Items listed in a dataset
[Start of Attachment]
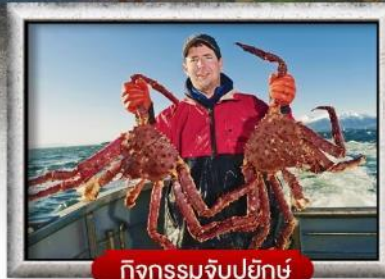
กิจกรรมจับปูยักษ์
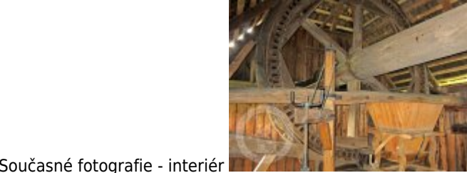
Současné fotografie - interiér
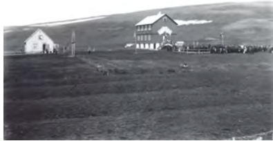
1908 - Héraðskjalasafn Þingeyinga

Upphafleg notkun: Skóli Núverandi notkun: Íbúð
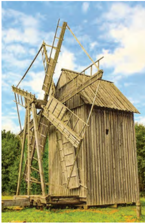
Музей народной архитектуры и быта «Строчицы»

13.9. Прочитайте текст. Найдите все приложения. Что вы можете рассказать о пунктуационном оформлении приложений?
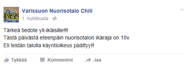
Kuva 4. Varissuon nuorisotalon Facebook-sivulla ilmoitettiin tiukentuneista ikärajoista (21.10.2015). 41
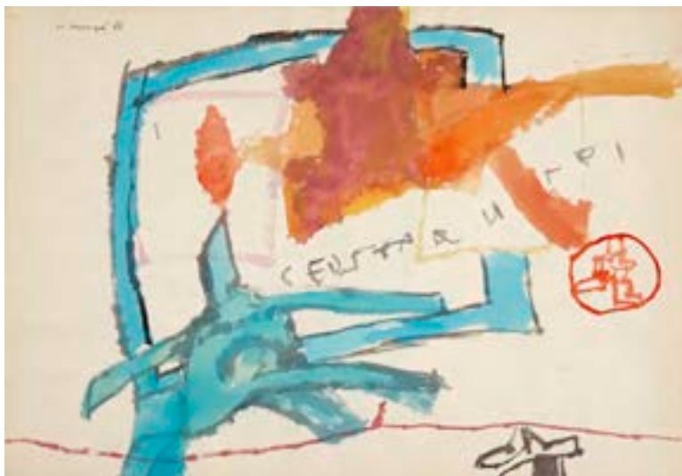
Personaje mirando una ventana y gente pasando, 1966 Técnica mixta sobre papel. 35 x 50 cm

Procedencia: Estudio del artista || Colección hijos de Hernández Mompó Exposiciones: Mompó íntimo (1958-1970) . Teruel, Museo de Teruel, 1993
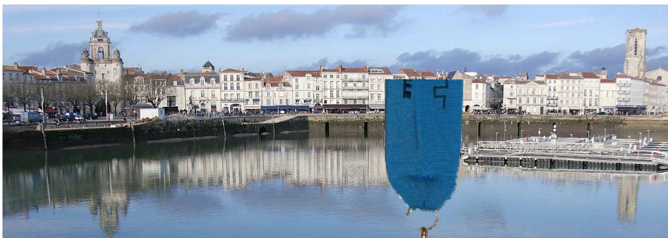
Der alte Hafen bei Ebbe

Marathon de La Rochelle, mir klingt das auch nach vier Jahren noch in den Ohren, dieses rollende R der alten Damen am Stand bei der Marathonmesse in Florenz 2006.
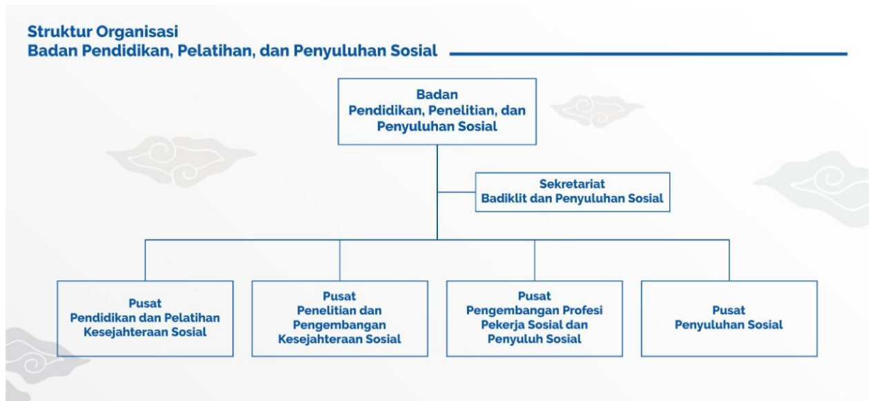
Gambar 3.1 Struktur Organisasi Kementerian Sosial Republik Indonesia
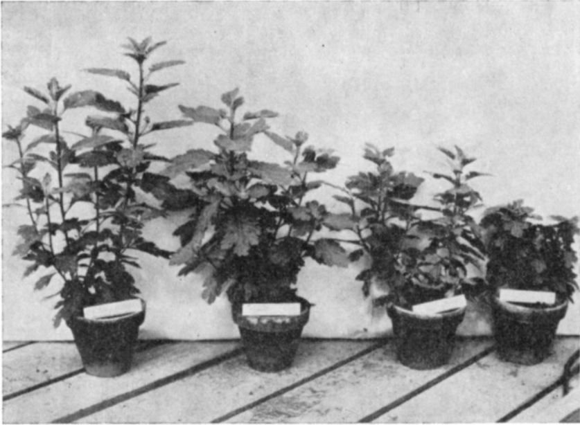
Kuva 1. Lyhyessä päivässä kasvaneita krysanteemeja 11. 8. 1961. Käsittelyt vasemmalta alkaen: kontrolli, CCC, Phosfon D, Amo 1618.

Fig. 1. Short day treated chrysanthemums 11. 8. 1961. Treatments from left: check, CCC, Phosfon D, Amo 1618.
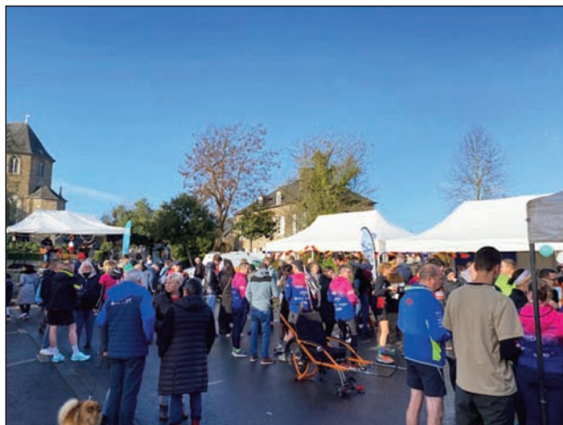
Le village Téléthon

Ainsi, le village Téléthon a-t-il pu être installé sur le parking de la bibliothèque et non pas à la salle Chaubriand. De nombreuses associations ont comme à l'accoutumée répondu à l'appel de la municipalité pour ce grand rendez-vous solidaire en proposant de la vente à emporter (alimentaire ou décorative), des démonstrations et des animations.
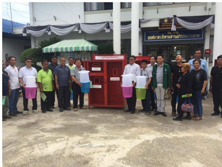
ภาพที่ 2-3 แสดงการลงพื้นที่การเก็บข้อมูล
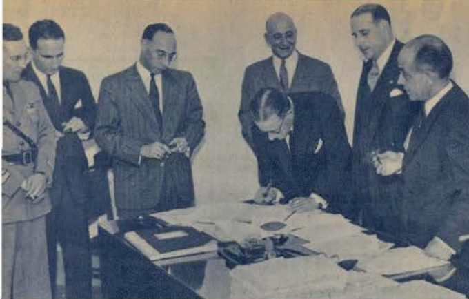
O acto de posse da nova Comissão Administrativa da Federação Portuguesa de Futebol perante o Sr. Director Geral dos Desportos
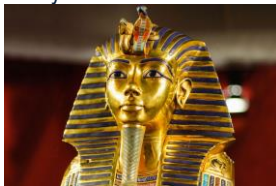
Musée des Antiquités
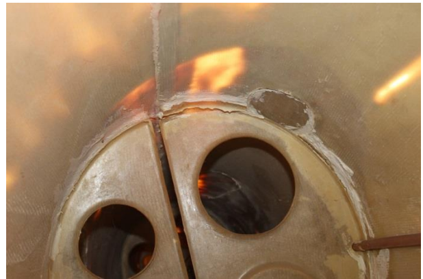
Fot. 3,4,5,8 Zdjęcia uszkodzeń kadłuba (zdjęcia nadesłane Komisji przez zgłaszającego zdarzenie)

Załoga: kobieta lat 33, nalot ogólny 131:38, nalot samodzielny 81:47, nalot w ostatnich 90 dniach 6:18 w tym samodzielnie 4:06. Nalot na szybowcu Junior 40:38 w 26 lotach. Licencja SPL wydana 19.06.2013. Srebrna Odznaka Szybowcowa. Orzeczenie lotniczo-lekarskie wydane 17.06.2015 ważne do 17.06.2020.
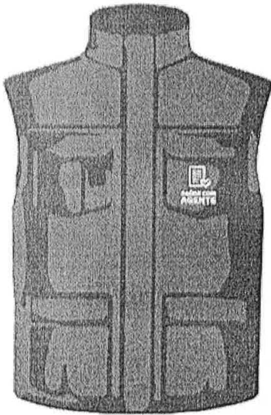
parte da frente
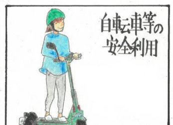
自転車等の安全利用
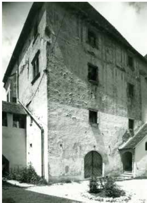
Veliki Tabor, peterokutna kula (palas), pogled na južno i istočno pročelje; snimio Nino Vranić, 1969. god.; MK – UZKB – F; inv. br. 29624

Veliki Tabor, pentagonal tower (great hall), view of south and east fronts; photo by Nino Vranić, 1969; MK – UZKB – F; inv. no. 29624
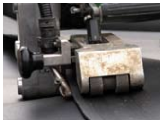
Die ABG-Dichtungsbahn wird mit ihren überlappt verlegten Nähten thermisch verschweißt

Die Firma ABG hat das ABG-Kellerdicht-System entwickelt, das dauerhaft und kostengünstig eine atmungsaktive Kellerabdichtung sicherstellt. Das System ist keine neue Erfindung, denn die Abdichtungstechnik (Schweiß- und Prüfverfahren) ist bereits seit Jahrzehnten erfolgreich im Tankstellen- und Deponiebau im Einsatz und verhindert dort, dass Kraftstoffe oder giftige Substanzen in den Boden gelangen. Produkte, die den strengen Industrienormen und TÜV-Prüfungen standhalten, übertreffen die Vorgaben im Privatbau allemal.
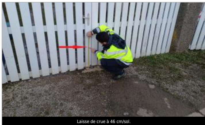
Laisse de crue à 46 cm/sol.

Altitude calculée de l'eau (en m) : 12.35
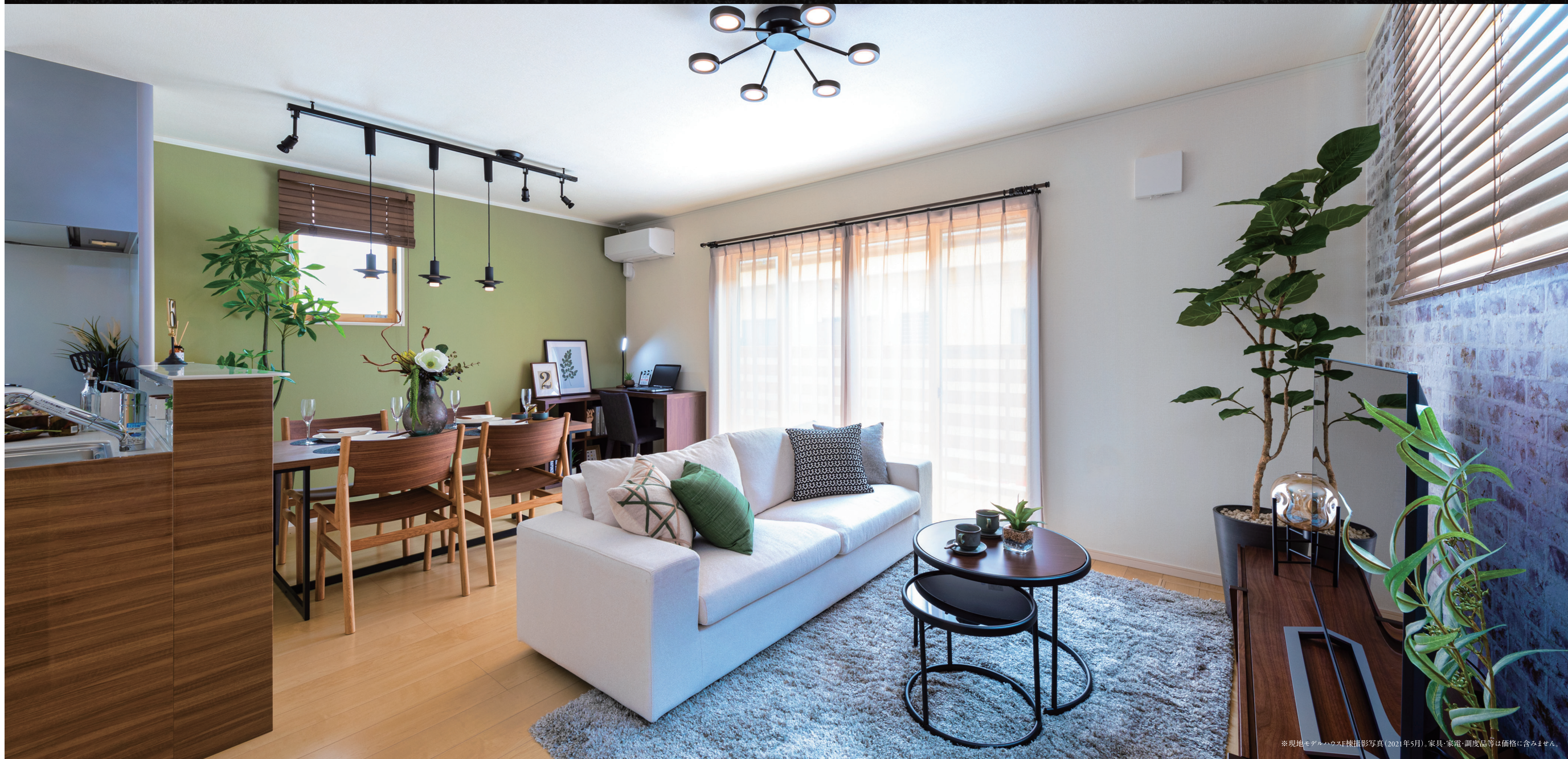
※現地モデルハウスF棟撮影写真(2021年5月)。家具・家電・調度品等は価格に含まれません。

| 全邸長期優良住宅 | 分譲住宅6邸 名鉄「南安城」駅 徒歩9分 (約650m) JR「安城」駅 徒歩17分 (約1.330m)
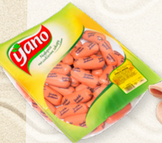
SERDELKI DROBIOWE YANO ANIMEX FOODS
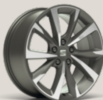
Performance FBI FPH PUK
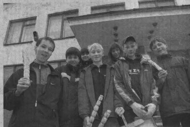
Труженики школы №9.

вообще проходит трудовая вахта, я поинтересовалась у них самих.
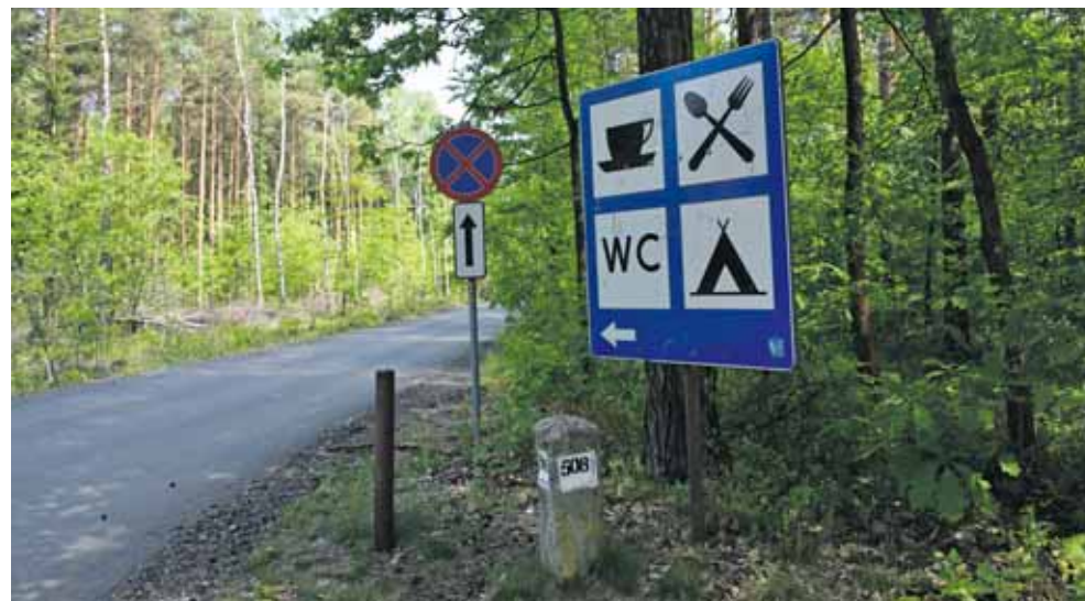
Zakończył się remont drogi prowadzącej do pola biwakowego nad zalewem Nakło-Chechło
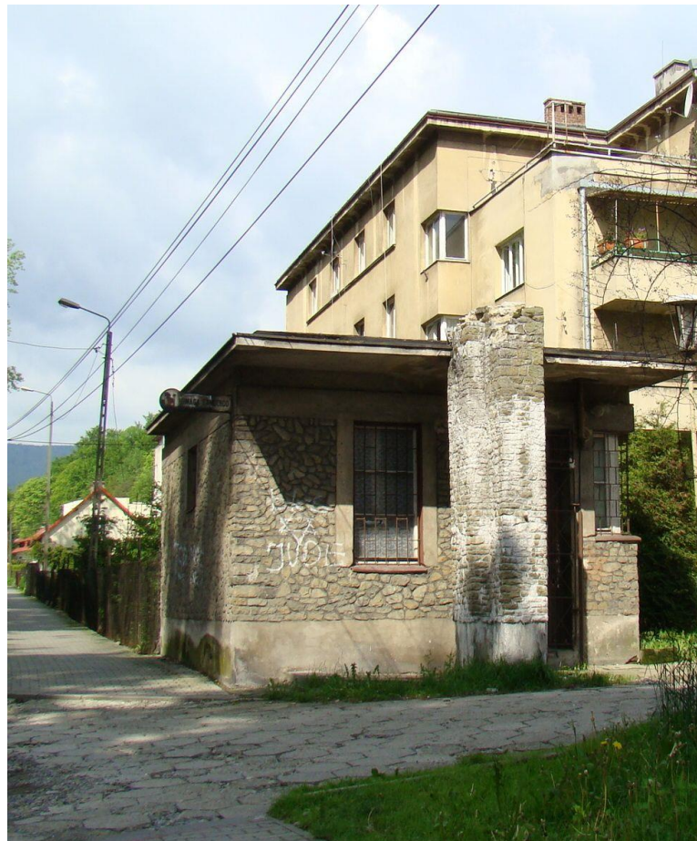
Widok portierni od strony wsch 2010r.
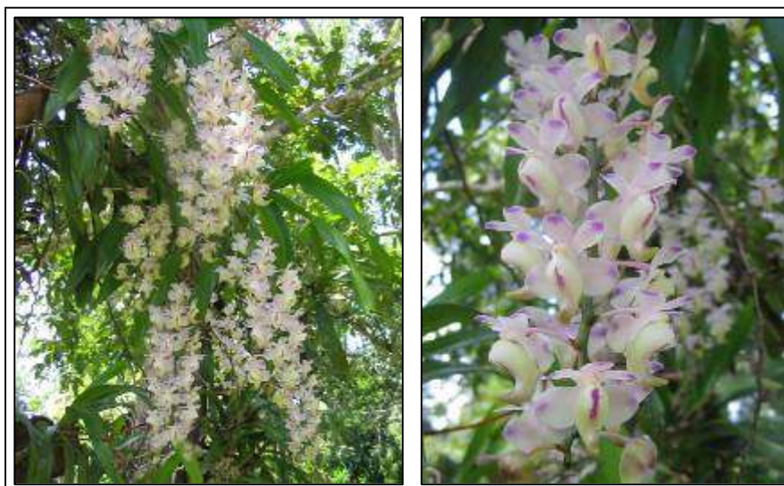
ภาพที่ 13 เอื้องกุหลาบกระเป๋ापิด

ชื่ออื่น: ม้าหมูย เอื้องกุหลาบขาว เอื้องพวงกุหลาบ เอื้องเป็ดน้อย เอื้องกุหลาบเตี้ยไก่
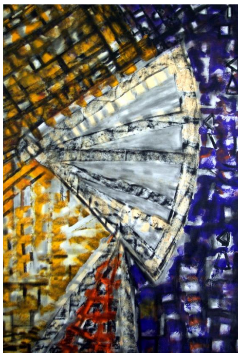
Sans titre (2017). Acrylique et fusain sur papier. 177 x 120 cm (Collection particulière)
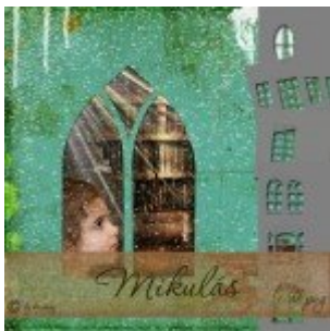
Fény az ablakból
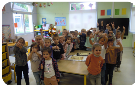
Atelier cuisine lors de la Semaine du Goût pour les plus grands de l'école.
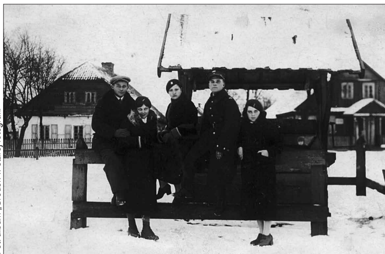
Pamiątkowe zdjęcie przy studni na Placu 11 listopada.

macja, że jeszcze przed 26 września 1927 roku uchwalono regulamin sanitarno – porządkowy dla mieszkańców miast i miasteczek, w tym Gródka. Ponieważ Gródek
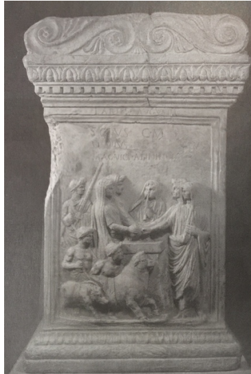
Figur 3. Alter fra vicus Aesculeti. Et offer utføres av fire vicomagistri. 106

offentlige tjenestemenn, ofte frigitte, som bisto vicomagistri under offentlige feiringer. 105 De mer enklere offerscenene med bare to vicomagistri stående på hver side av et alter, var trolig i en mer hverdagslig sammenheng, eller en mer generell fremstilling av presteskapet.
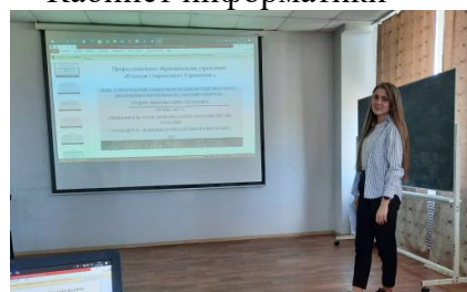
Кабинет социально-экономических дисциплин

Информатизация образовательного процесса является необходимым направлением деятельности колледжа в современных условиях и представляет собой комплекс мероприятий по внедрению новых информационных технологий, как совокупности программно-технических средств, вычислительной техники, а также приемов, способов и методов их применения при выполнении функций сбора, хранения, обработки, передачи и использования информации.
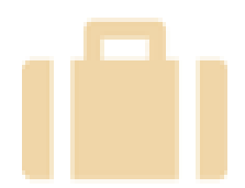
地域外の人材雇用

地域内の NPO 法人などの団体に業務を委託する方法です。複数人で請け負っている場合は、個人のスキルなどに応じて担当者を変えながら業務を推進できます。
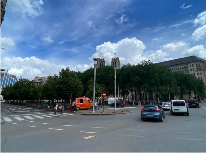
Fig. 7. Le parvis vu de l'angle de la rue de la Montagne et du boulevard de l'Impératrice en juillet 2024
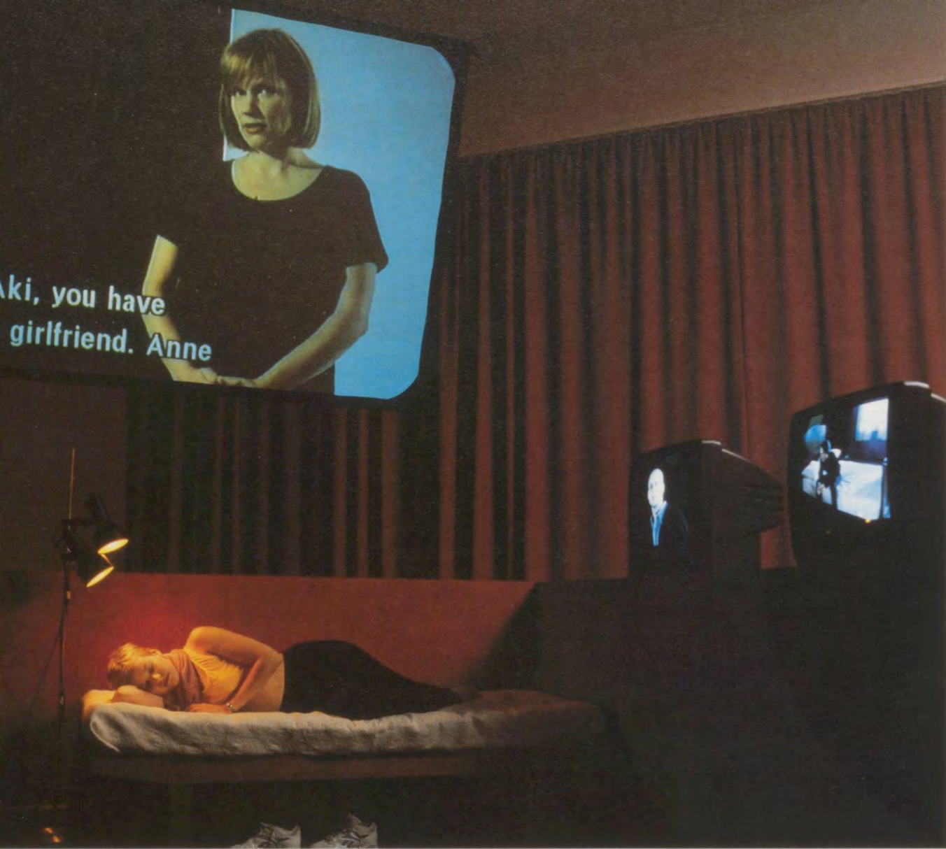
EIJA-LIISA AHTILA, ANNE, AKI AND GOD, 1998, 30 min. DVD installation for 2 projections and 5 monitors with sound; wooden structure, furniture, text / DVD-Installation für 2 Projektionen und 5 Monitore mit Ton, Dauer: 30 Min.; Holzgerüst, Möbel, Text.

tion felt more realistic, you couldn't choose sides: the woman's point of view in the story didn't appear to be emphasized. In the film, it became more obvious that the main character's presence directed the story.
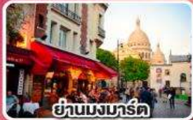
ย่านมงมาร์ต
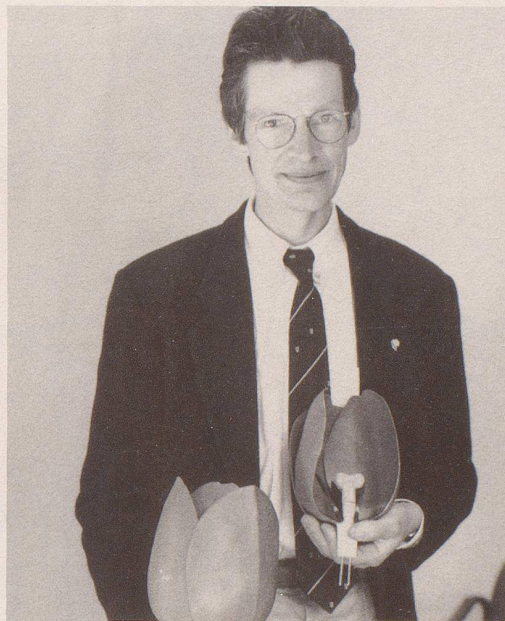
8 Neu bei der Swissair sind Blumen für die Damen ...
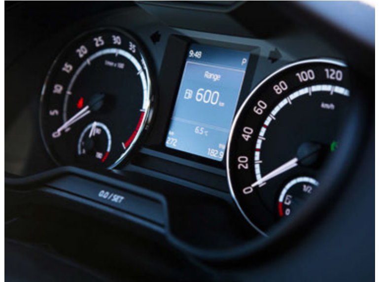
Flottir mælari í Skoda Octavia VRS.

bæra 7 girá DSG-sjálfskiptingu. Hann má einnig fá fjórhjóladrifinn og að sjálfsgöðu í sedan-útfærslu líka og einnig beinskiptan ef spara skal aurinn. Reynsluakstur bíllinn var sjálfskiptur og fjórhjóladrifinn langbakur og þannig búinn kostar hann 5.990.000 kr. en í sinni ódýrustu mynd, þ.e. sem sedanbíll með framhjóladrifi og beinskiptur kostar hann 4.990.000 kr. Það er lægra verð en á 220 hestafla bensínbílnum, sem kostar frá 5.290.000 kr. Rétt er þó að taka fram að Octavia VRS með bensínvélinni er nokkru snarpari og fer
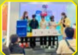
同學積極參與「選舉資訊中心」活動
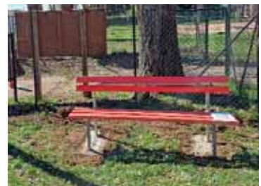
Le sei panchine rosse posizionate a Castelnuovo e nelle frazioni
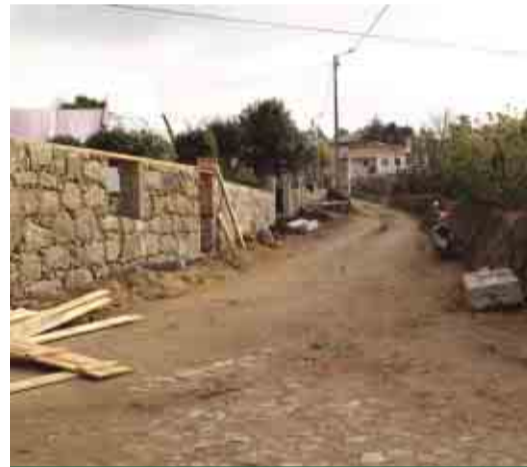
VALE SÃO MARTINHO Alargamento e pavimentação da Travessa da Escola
[End of Attachment]
## TASK ITEM
Find every line above that contains the word "Vranić", and return each one.

## RESPONSE AREA
Veliki Tabor, peterokutna kula (palas), pogled na južno i istočno pročelje; snimio Nino Vranić, 1969. god.; MK – UZKB – F; inv. br. 29624
Veliki Tabor, pentagonal tower (great hall), view of south and east fronts; photo by Nino Vranić, 1969; MK – UZKB – F; inv. no. 29624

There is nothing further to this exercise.